Just as with my decision to leave social media, I have been called out for being selfish, or irresponsible for deciding to leave my phone at home. I don’t follow this argument as I lived this way up until the early 2000s when I first got a cell phone.


The new “Contact Tracing” technology will diminish our freedom in a way that will be difficult, or even impossible to roll back. While the technology will likely help to track the spread of the virus, it represents the next iteration in a “slippery slope” of shifting power from the individual to the technocrats. Continuing this path will force human psychology into seeing human existence in a more computer-influenced (binary) way which is inherently opposed to the ambiguity that makes up a significant part of the human condition.

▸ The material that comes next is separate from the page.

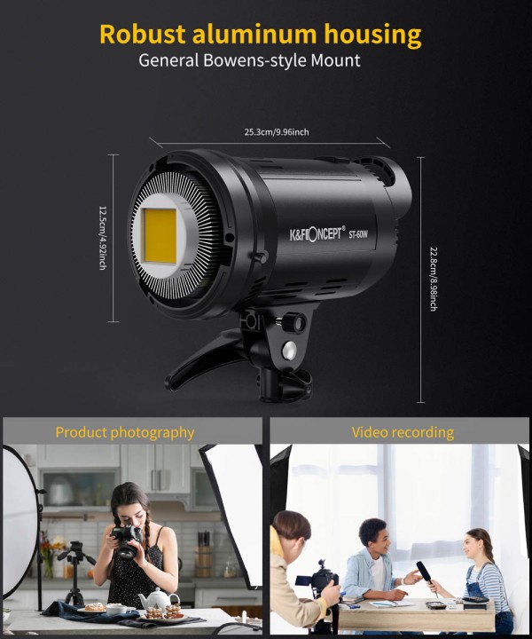 ST-60W je vgrajen v trpežno ohišje iz aluminijeve zlitine in ima učinkovit sistem odvajanja toplote s tiho hladilno lopatico, zaradi česar je primeren za okolja, občutljiva na zvok. Zaradi kompaktne velikosti, lahke konstrukcije in zanesljive zmogljivosti je odlična izbira za ustvarjalce, ki potrebujejo profesionalno osvetlitev na poti.
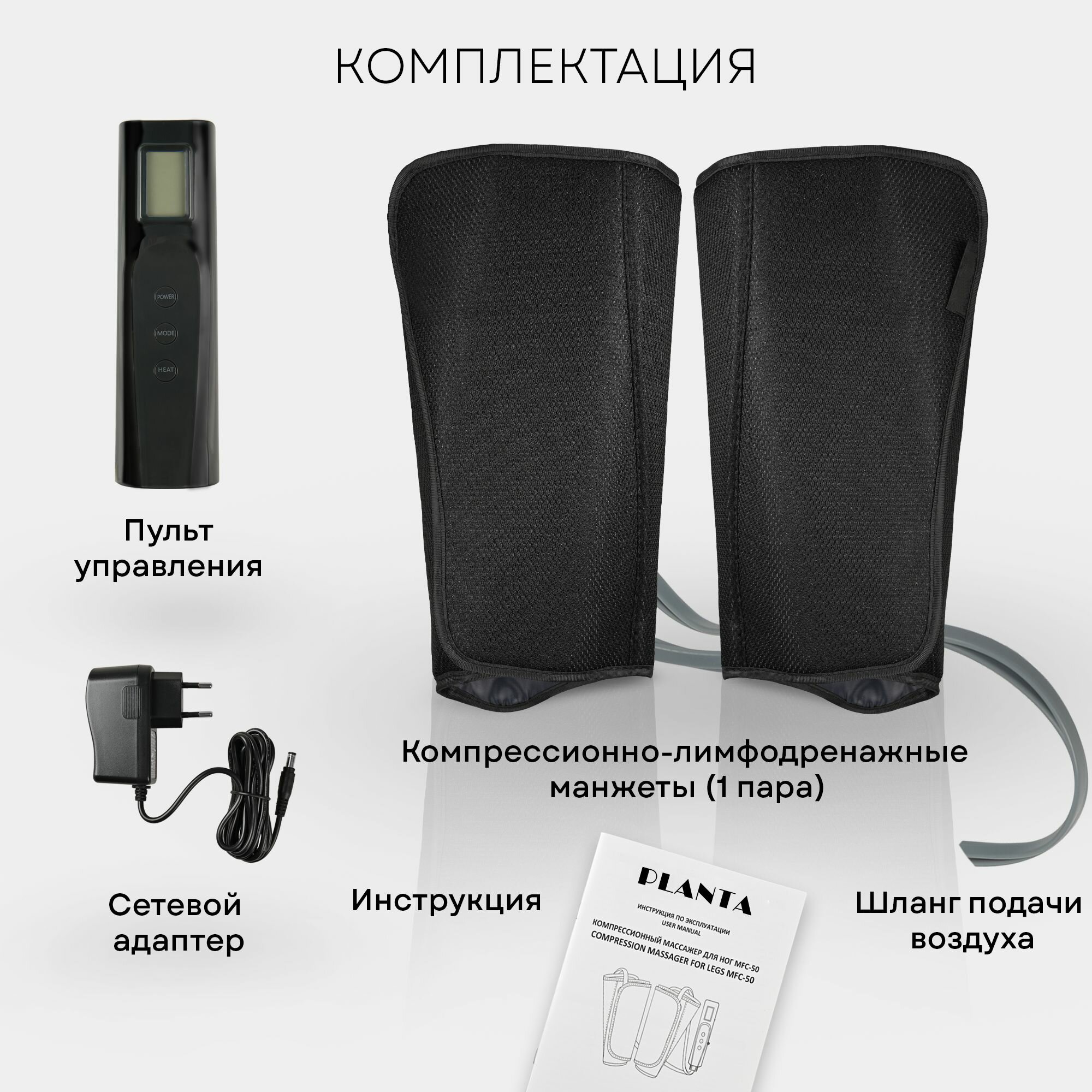 PLANTA Компрессионный массажер для ног, стоп, икр и рук MFC-50, 3 режима, 3 степени интенсивности, подогрев

A concrete action I am taking to resist this technology is leaving my smartphone at home whenever possible. You may wish to take this action or others. Regardless, a powerful action you can take is to get the word out about this technology and its implications. Only you can decide what is right and wrong for yourself — the Pinchais and Cooks for the world can’t do that for you. Question the dominant narrative, and look at the source materials for yourself, don’t let the Media, Reddit, or Google News make your mind up for you.